The estate in Frank argued that there is no statute of limitations applicable to an estate’s lawsuit to recover the benefits of a STOLI policy because, under the Delaware Supreme Court’s recent opinion in Malkin, section 2704 is a codification of Delaware’s common law. But the Delaware Supreme Court in Frank clarified that while the insurable interest requirement in section 2704 existed at common law, the remedy in subsection (b) of the statute, which provides the insured’s estate with a cause of action to recover the benefits of a policy issued in violation of the insurable interest requirement, did not exist in the common law and, therefore, was a remedy first created by the statute. As such, a cause of action by an estate under section 2704(b) is an “action based on a statute,” which is subject to the three-year statute of limitations under 10 Del. C. 8106(a).
So, the three-year statute of limitations, confirmed here by the Delaware Supreme Court, would seem to be helpful to the life settlement industry because asset managers holding policies where the policy maturity was more than three years ago would therefore have significantly lower litigation risk to factor into their models.
If only it were that simple.
There remains something of an ‘elephant in the room’, which is that the court didn’t actually clarify what the trigger event is from which the statute of limitations applies — in legal jargon, when the cause of action under section 2704(b) begins to accrue.
The reason they didn’t is simple.
“The Delaware Supreme Court wasn’t asked what the event is or was that starts the clock on the three-year time period,” said Westerlind.
“They were only asked what the statute of limitations is, and they responded to that question.”
So, for the time being, the life settlement market awaits more clarity with regards to this issue. Frank will now continue to be heard by the Delaware District Court, and there is no timeline currently as to when proceedings will resume, but when it does, all eyes will now focus squarely on what the District Court decides is the ‘accrual date’.
The Court already has two options. The defendant argues that the accrual date begins upon the payment of the death benefit. This view drove its argument, as the death benefit was paid on February 19, 2019, which would make the statute of limitations date February 19, 2022; the lawsuit was filed on May 18, 2023, more than a year later. The plaintiff, however, argued the clock couldn’t start until he was appointed as executor of the estate, which didn’t happen until 2023.
So, the life settlement market will have to wait a little longer to find out which one prevails – or whether another does.
Delaware has delivered good news and bad to the life settlement market over the years. Recently, Wells Fargo Bank v. Estate of Malkin, a 2022 Delaware case, ruled that ‘innocent’ downstream investors could not use standard commercial defences (like the Bona Fide Purchaser rule) to keep death benefits if the policy was deemed a STOLI one.
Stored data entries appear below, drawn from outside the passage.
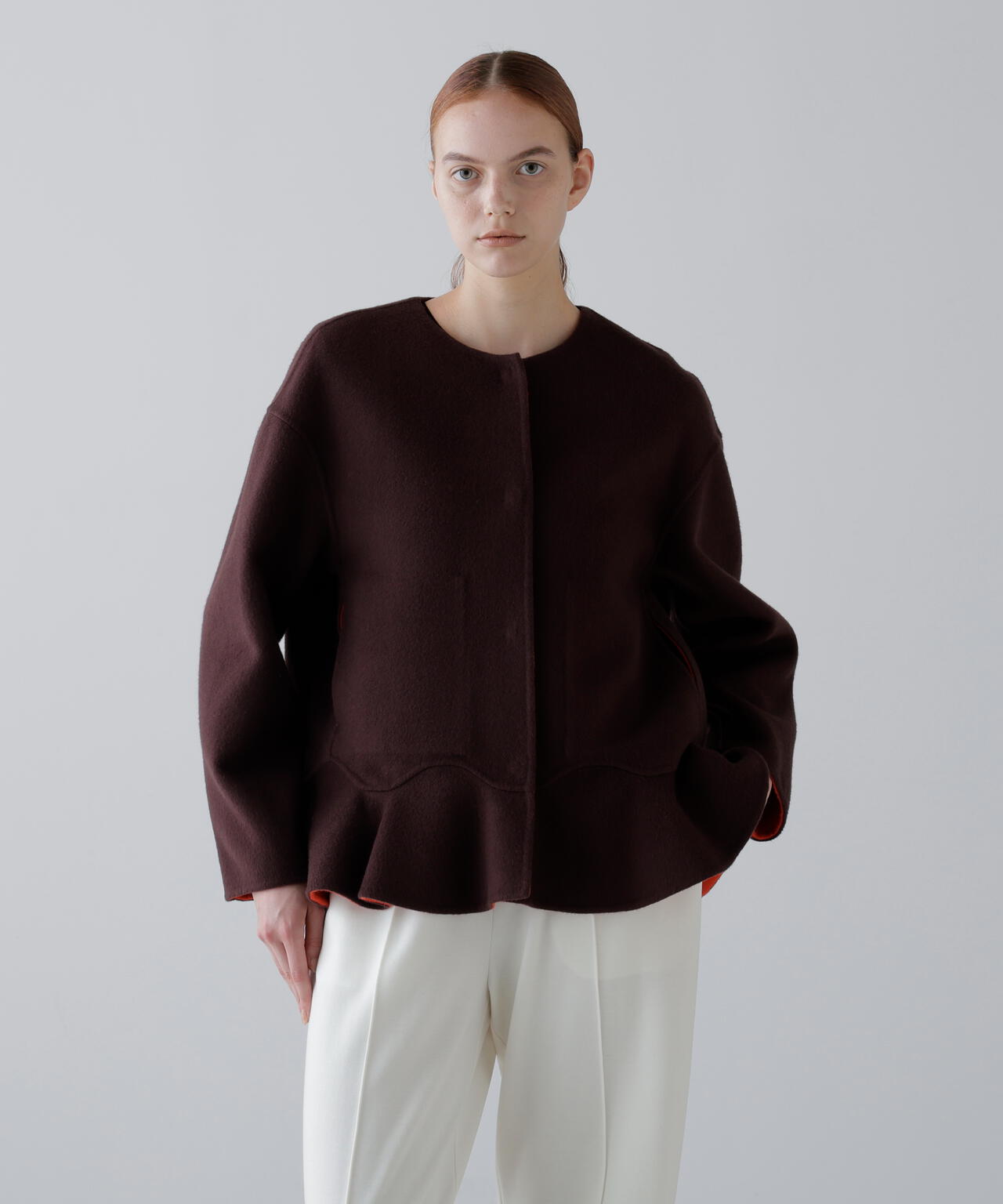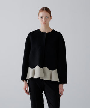 ペプラムデザインが特徴的なカシミア混2TONEリバージャケット
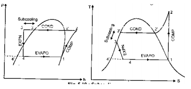 The process of cooling refrigerant below condensing temperature for a given pressure is known as sub-cooling. Due to sub-cooling the refrigerating effect increases or for same refrigerating effect the circulation rate refrigerant decreases and therefore COP of system increases. Thus sub-cooling is desirable & is done to increase refrigerating effect & COP of system.
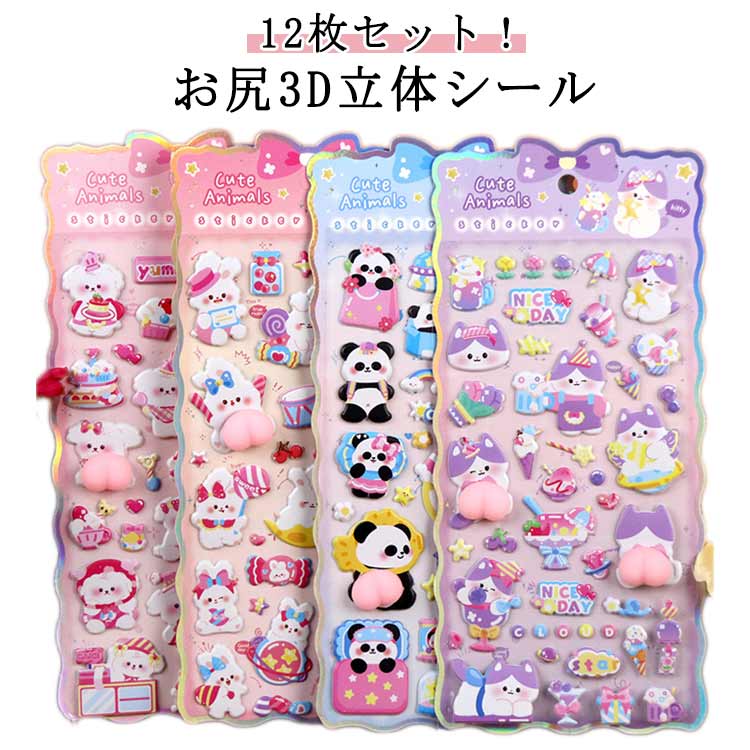 12枚セット お尻シール おしりシール 文房具 事務用品 ラベル ステッカー シール ステッカー 新作
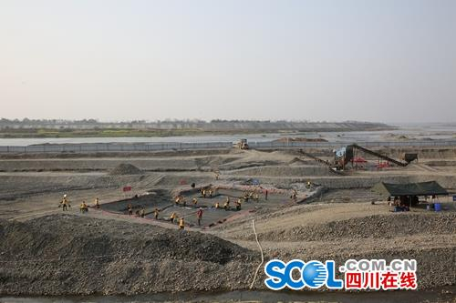 3月20日,考古发掘现场向媒体开放。截断的岷江河谷,被江水冲刷成一条条红褐色沟槽的河床已裸露在外。刘志岩透露,河床距离地面大约两三米,张献忠时代散落的文物,就集中沉在河床里。
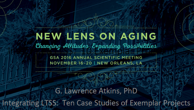G. Lawrence Atkins, Executive Director of Long-Term Quality Alliance, presented findings from 10 case studies of exemplar programs that integrate long-term services and supports (LTSS) with medical care at the 2016 Gerontological Society of America (GSA) Annual Scientific Meeting.
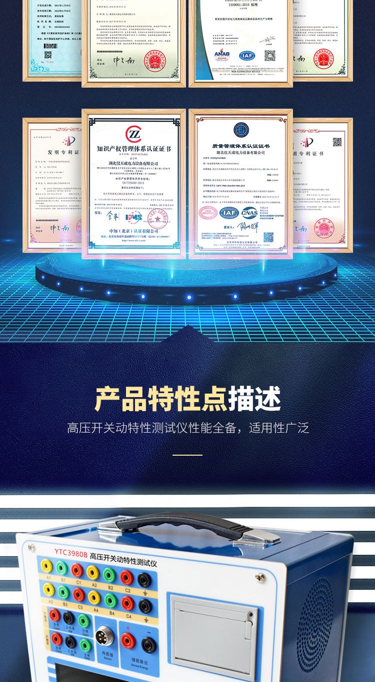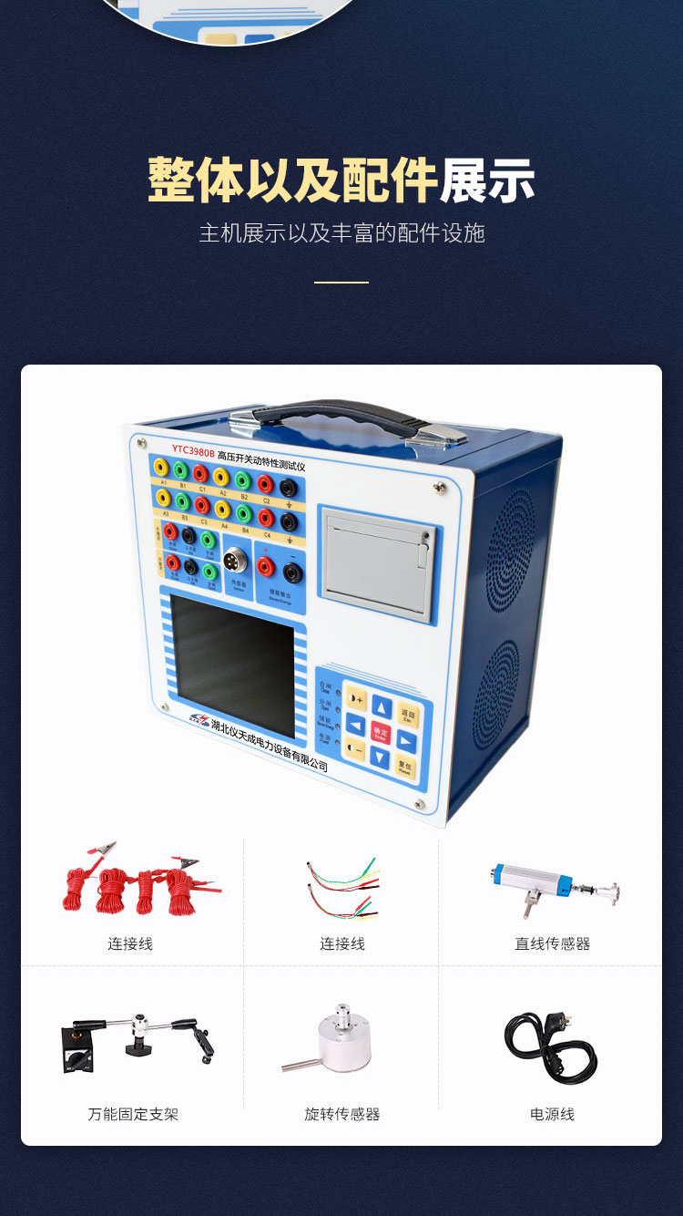 YTC3980B断路器特性测试仪采用液晶大屏幕显示,测试结果可直接打印,该断路器动特性分析仪具有智能化、功能多、数据准确、抗干扰性强、操作简单、体积小、重量轻、外观美等优点。
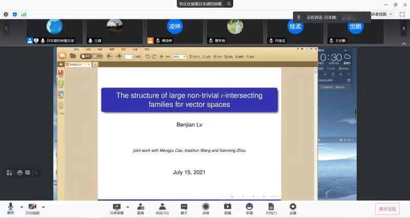 7月15日上午,北京师范大学吕本建副教授应邀为我院师生作题为“The structure of large non-trivialt-intersecting families for vector spaces”的线上报告(腾讯会议形式)。报告由数学系王健主持,我院图论方向的教师与研究生参加了报告会。
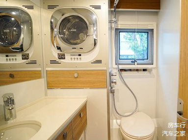 尾部卫浴区采用干湿混合设计,配备了独立水龙头、洗手盆、德国汉斯格雅自动恒温混水器和花洒、法国陶瓷电吸马桶、无线遥控双向换气扇(带雨水感应)、壁柜进口MINI滚筒洗衣机、PTC空气加热系统等,满足日常卫浴、盥洗需求;洗手盆下方设有储物空间,方便收纳洗漱用品。
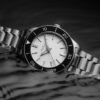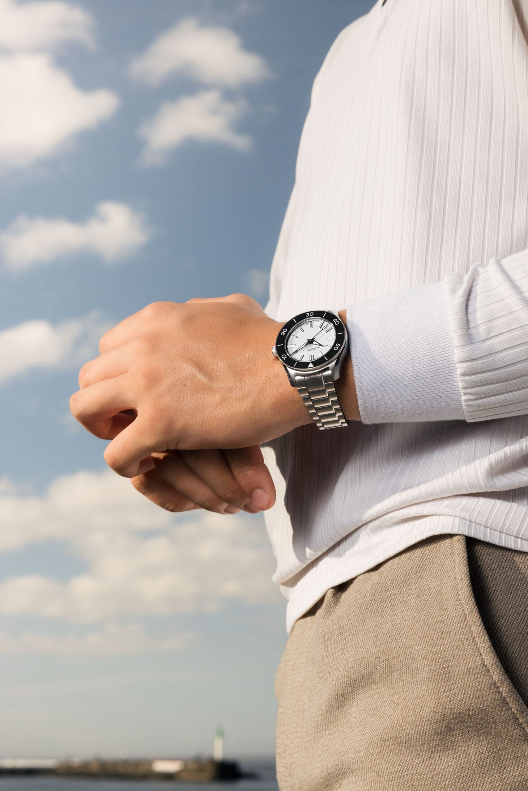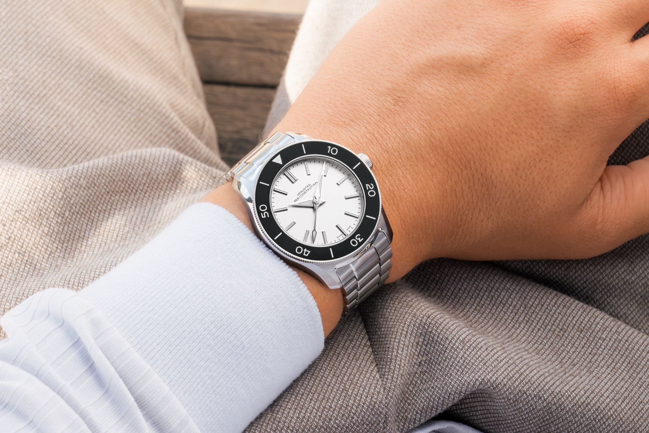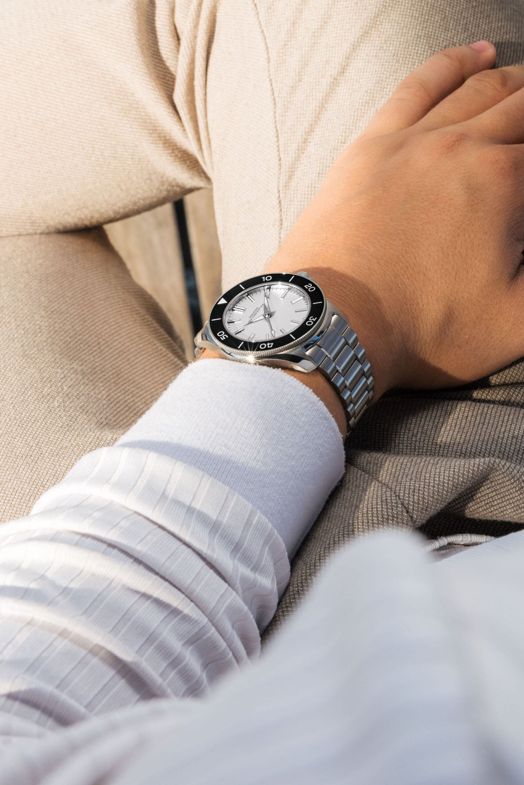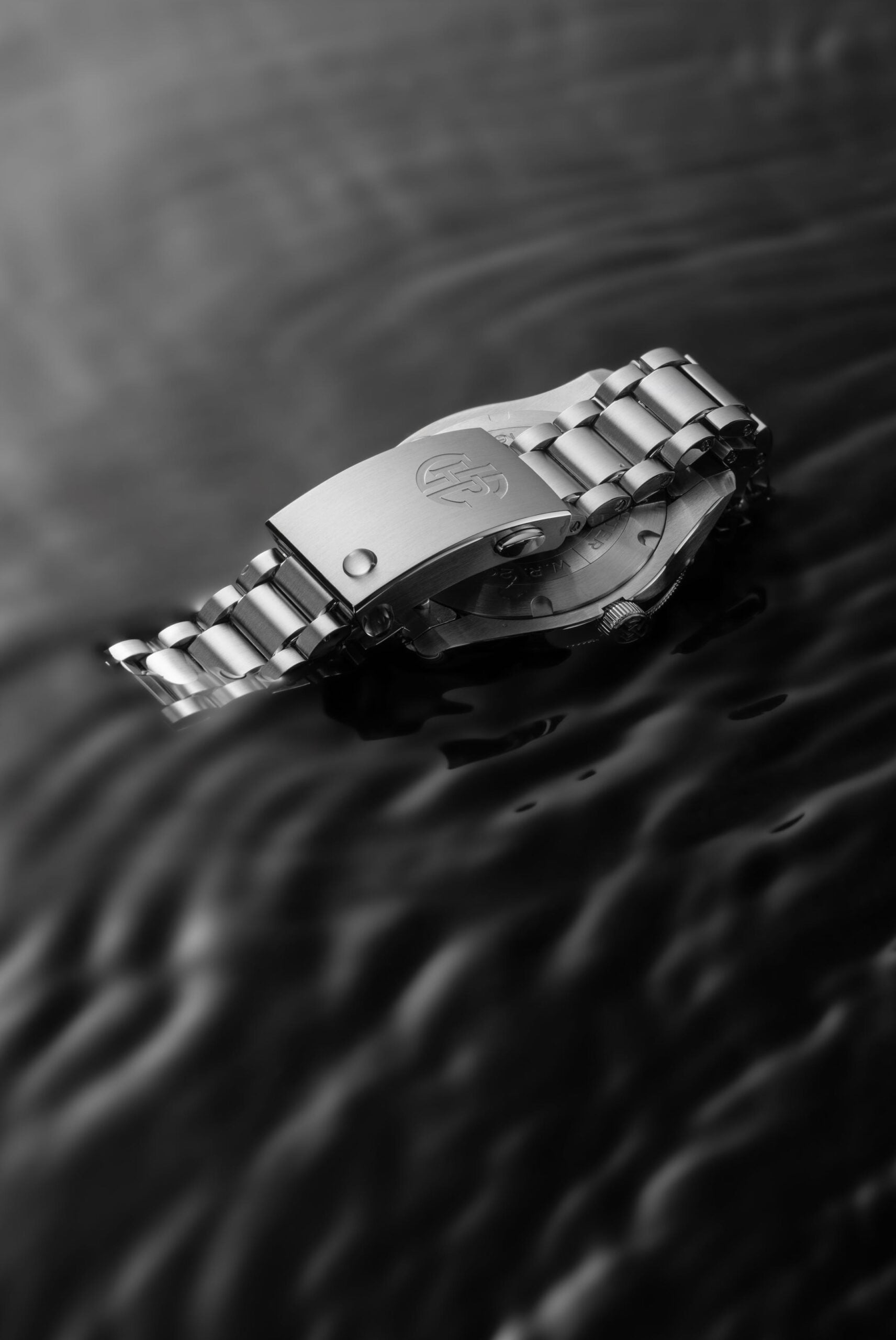 Topping the elegant case is a 120-click unidirectional bezel featuring a matte black ceramic insert with a white diving scale. The white numerals and markings are flush and look almost like an ivory shade rather than a hard, sterile white. Additionally, they are luminescent and emit a bright blue glow in the dark. As on the Type 37HW, the case, bezel, and bracelet have a hard surface coating, which prevents scratches from accumulating as quickly as they would on untreated stainless steel. As an owner of a Type 37HW, I can say that the coating significantly enhances the daily pleasure of wearing the watch.
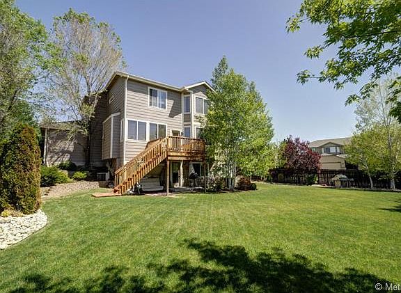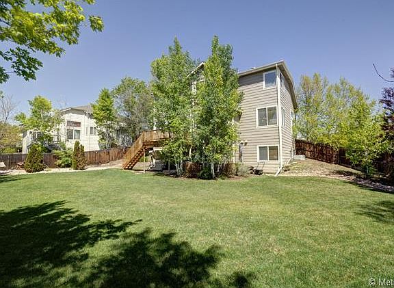 Back on the market--Buyers sale fell! Homes w/5 bedrooms + office in this neighborhood are rare! This one has several custom touches! Custom trim work including stunning oak wood beam coffered ceiling in the formal dining room & custom bathroom vanities & fireplace mantle; Hardwood floors on the main floor w/vaulted ceilings & phenomenal natural light throughout; Master bedroom is truly a retreat! Vaulted ceilings, beadboard wainscoting continues the custom feel, 5-pc bath includes huge soaking tub & views of the mountains & city at night! Huge corner lot w/spacious backyard, mature landscaping & garden areas, recently refinished wood deck, enjoy the firepit or horseshoes in the backyard; Finished walkout basement includes bathroom, add'l guest bedroom & office/den + rec room perfect for a pool table or media area; 3-car garage has exterior access door & lots of room for tinkering & storage; recessed lighting throughout the home & ample storage features; steam humidifier; easy commute
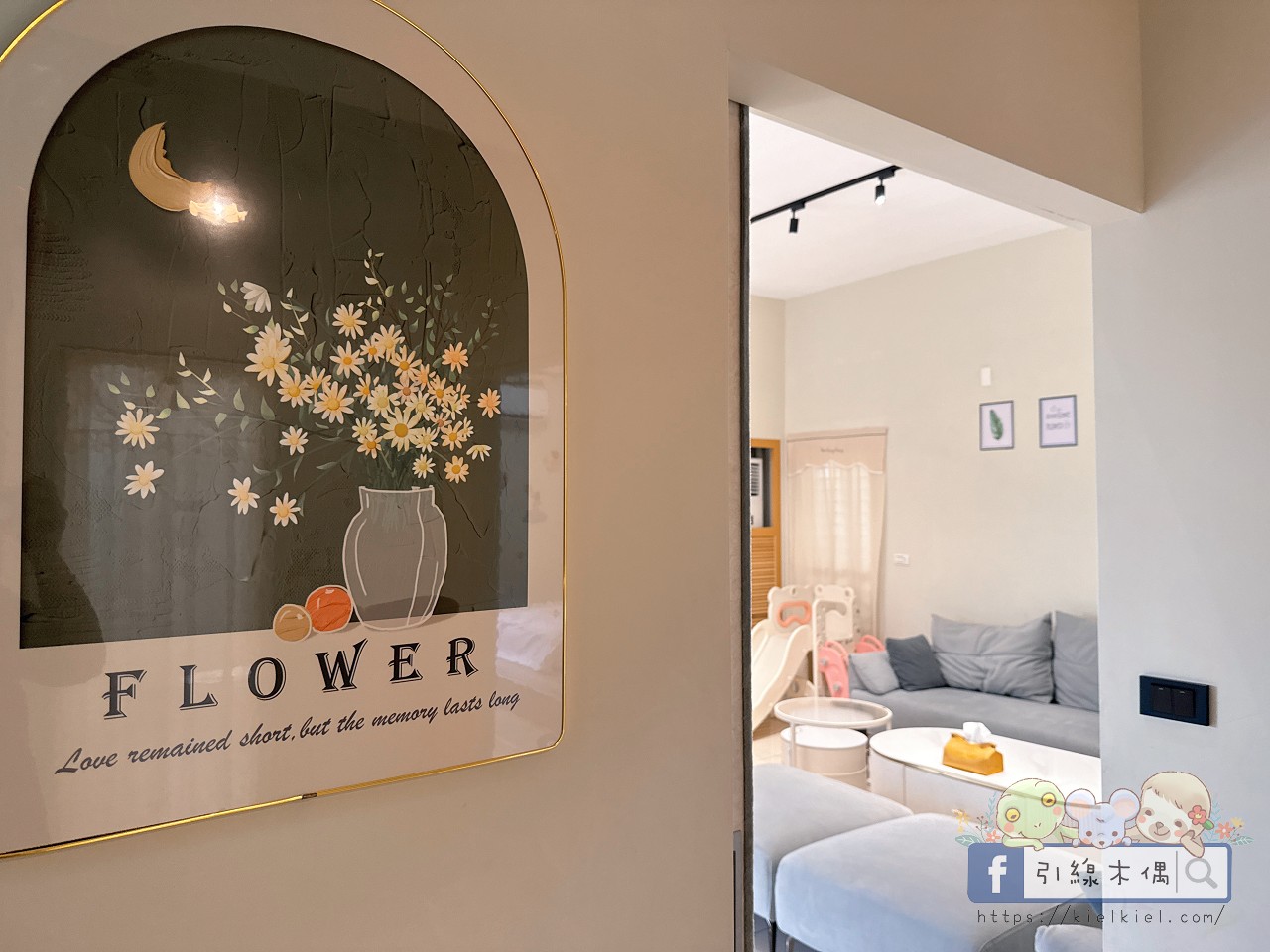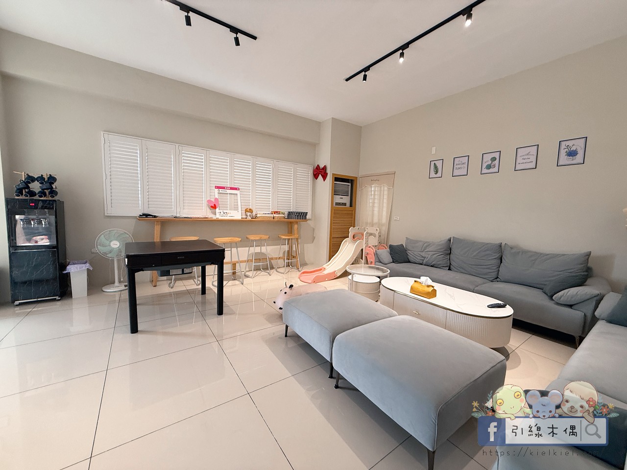 《徐徐民宿》整個空間比想像中還大,淡灰色沙發一字排開,舒服得讓人一坐下就不想起來。孩子們一看到角落的溜滑梯立刻眼睛發亮,大人聊天、小孩玩耍,完全不怕吵到彼此,是那種能讓全家人都放鬆的公共空間。

But the Frank decision, albeit in dicta, explained that common law defenses, including but not limited to a statute of limitations defense, is available to a defendant investor in a STOLI case if the defense is viable under its elements.
The Frank case will be a closely-watched one by the life settlement market, but for now, this latest update does provide the market with some reassurance.
“Investors generally like legal certainty and while Frank left a number of questions open, this opinion is a step towards a more defined structure with regards to estate litigation risk in Delaware,” said Westerlind.
Attorneys for the plaintiff and the defendant did not take the opportunity to comment prior to publication.